▸ WHAT IS NEEDED: Pictures in the data must not be copied, but everything else should be output exactly.

▸ PROVIDED DATA:
○ ○ ○ ○ ○ ○ ○
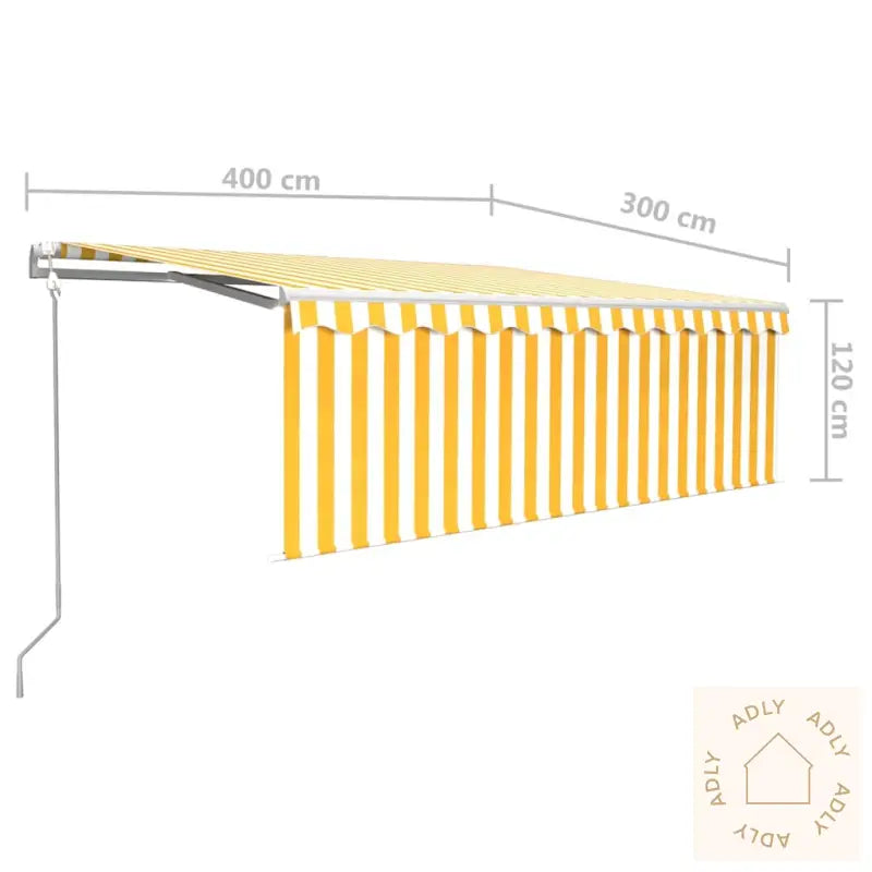 Farger: gul og hvitFarge ramme: hvitMaterialer: pulverlakkert aluminium, 100% polyesterstoff med PU-beleggMål markise: 400 x 300 cm (B x H)Mål rullegardin: 400 x 120 cm (B x H)Spenning: 230V~ , 0,68A; 50/60 HzEffekt: 155 WMoment: 20 NmHastighet: 13 rpmMontering kreves: ja
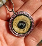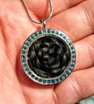 Keepsake Lockets of your loving pet’s hair. Available in Pink, Turquoise, and White gemstones. Fully reversible. Available with or without floating charm, beads, etc. A beautiful way to carry your pet with you or to remember them by. For any animal with hair. Pictured are dog and horse hair lockets.
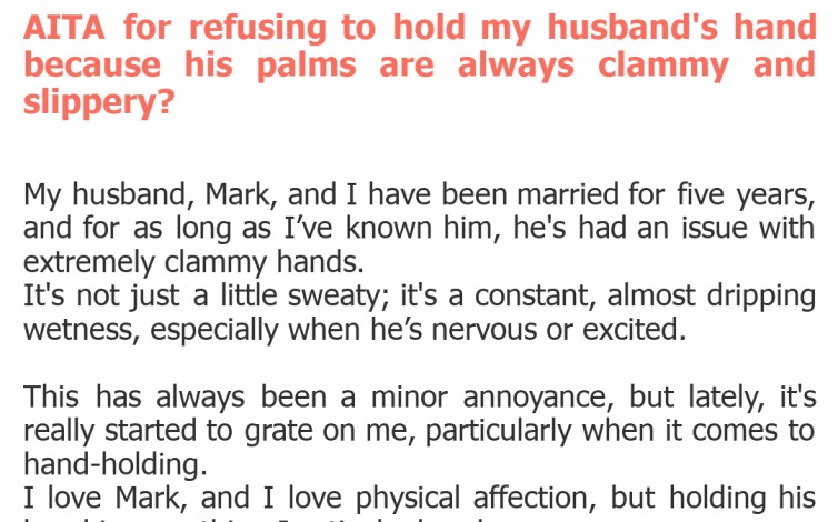 AITA for refusing to hold my husband’s hand because his palms are always clammy and slippery?
○ ○ ○ ○ ○ ○ ○
▸ OUTPUT BELOW:
 Farger: gul og hvitFarge ramme: hvitMaterialer: pulverlakkert aluminium, 100% polyesterstoff med PU-beleggMål markise: 400 x 300 cm (B x H)Mål rullegardin: 400 x 120 cm (B x H)Spenning: 230V~ , 0,68A; 50/60 HzEffekt: 155 WMoment: 20 NmHastighet: 13 rpmMontering kreves: ja
 Keepsake Lockets of your loving pet’s hair. Available in Pink, Turquoise, and White gemstones. Fully reversible. Available with or without floating charm, beads, etc. A beautiful way to carry your pet with you or to remember them by. For any animal with hair. Pictured are dog and horse hair lockets.
 AITA for refusing to hold my husband’s hand because his palms are always clammy and slippery?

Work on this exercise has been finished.